You may specify replacementString the same way as searchString. However, if your searchString is a REG_BINARY length only, you can't use -r.
If you specify -z and -r together, the replacement string is ignored. Instead of replacing anything, regfind fixes any strings with missing terminators or bad lengths.
There's no confirmation option with -r, so it's a good idea to run regfind without it until you're sure what is replaced is what you want replaced.
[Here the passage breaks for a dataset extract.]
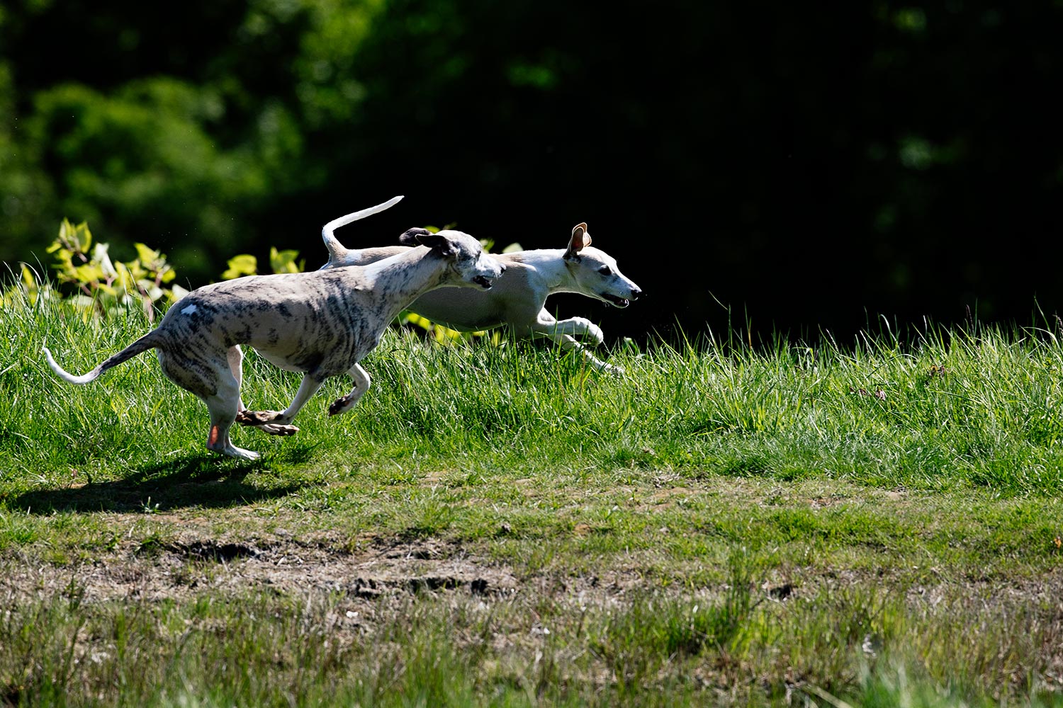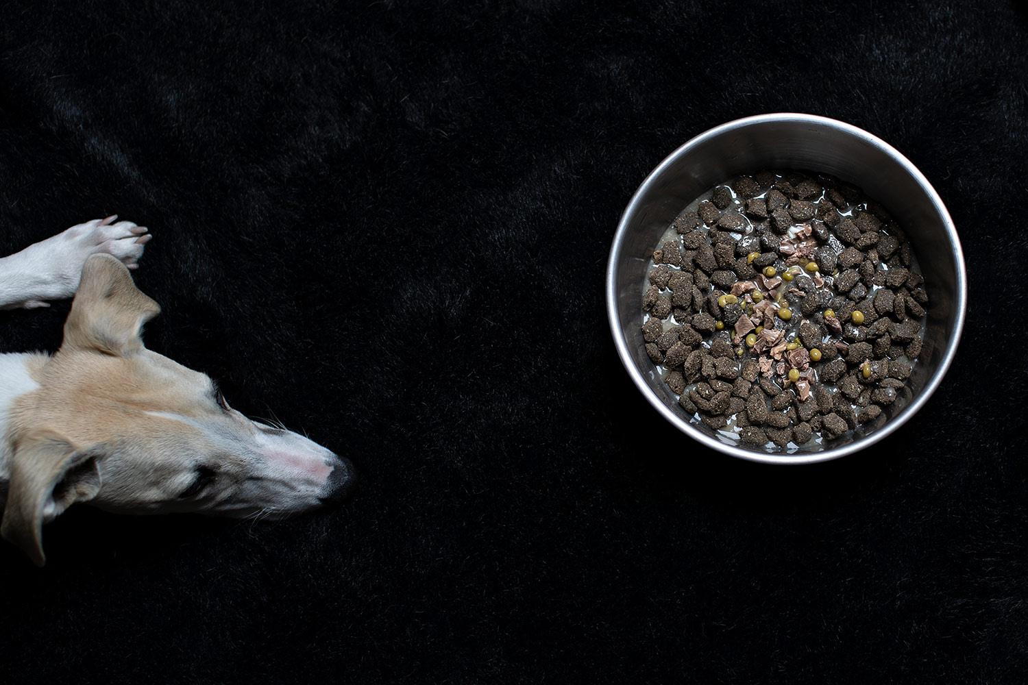 Ich habe meinen Whippets beigebracht, an einem bestimmten Ort zu warten, bis ihr Futter fertig ist. Doch der Duft des Toppings ließ sie jede Erziehung vergessen. Trippeln standen sie neben mir und 30 Sekunden später waren die Näpfe leer. Hudson ist noch zu jung für ein Adult-Futter, aber er würde sich die komplette Portion einverleiben. Soviel ist mal sicher. Wenn er sein Welpenfutter weggeputzt hat, wartet er immer und schaut, ob Mono ein paar Brocken liegen lässt. Oft scheint das so. Mono frisst sehr langsam und macht kleine Pausen zwischendurch. Dann muss ich den Zwerg kurz in Haft nehmen, damit er nicht Rest macht. Bei Danny gibt es ohnehin nichts zu holen.

Because this is a complicated command, an example may help to clarify how the command works. Let's try finding all the keys whose contents or names include the string "Mac":

C:\ntreskit>regfind -y -n Mac
Scanning \Registry registry tree
Case Insensitive Search for 'Mac'
Will match values of type: REG_SZ REG_EXPAND_SZ REG_MULTI_SZ
Search will include key or value names
\Registry
    Machine
        SOFTWARE
            Microsoft
                AsyncMac
                Exchange
                    Client
                        Mac File Types
                Shared Tools
                    Text Converters
                        Export
                            MSWordMac4
                            MSWordMac5
                            MSWordMac51
                        Import
                            MSWordMac
        SYSTEM
            ControlSet001
                Services
                    AsyncMac
                    AsyncMac2
                    EventLog
                        System
                            AsyncMac
            ControlSet003
                Services
                    AsyncMac
                    AsyncMac2
                    EventLog
                        System
                            AsyncMac
    Users
        S-1-5-21-1944135612-1199777195-24521265-500
            Software
                Microsoft
                    Ntbackup
                        Backup Engine
                            Process Macintosh files = 1
                            Machine Type = 0
                    Telnet
                        Machine1 = fly.hiwaay.net 
                        LastMachine = hq
                        Machine2 = hq

The only real drawback to regfind is that it can't handle regular expressions or wildcards like findstr and grep can. Apart from that limitation, though, it's a valuable tool when you need to find a key whose value you know but whose path you don't. If you need to use regular expressions, use scanreg.exe instead.